Associate Professor of Molecular & Cell Biology Dr. Eva Helmerhorst has received an NIH Independent Scientist Award (K02) in the form of a five-year salary award of $75,000. The funding comes from the National Institute of Allergy and Infectious Diseases (NIAID) and began June 15, 2013.
According to the NIAID website, “The K02 is intended to foster the development of outstanding scientists and enable them to expand their potential to make significant contributions to their field of research.”
Dr. Helmerhorst said, regarding the award:
While this is a salary award to me, of course, the project involves some very distinguished physicians and investigators, and it is really the team that makes this project successful. I would like to recognize Drs. Detlef Schuppan, Ciaran Kelly, and Dan Leffler at the Beth Israel Deaconess Medical Center, Dr. Floyd Dewhirst at the Forsyth Institute, and Dr. Frank Oppenheim at GSDM.
Dr. Helmerhorst’s research centers on the role of saliva in gastrointestinal health and disease. Her team found that saliva contains enzymes that can cleave gluten. Gluten is not tolerated by people who suffer from celiac disease. Because there is no true therapy for celiac disease at this time, people with the disease must eliminate gluten from their diet. Research from Dr. Helmerhorst’s lab has shown that the gluten-degrading enzyme activities in saliva are derived from bacteria that degrade gluten into smaller fragments. Thus, her research team is working to see if there is a potential therapeutic application for these newly discovered bacteria and their enzymes in the treatment of celiac disease.

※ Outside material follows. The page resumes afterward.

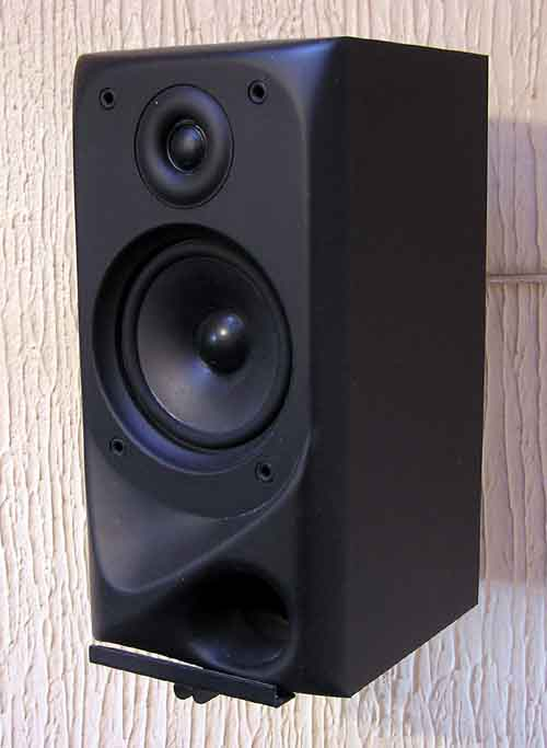 Wall-mounted loudspeaker. Photographed by Adrian Pingstone.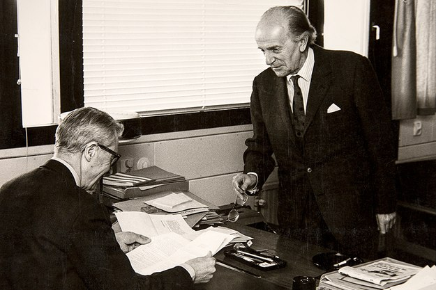 The editor-in-chief of Helsingborgs Dagblad, Ove Sommelius, is visited in the new newspaper building, by the then Moderate leader Gösta Bohman. Late 60s.

In April 2013, Dr. Helmerhorst published on the findings in the publication Clinical Microbiology and Infectious Diseases in an article titled “The cultivable human oral gluten-degrading microbiome and its potential implications in celiac disease and gluten sensitivity.”
Dr. Helmerhorst gave a lecture on the same topic on June 10, 2013, as an invited speaker at the Gordon Conference in Mucosal Health and Disease. The title of the lecture was “Oral microbial enzymes and their potential application in celiac disease.”
Said Dean Jeffrey W. Hutter, “Congratulations to Dr. Helmerhorst on her funding award. As an outstanding researcher, Dr. Helmerhorst advances the mission of the Boston University Henry M. Goldman School of Dental Medicine to promote excellence in research to improve the overall health of the global population.”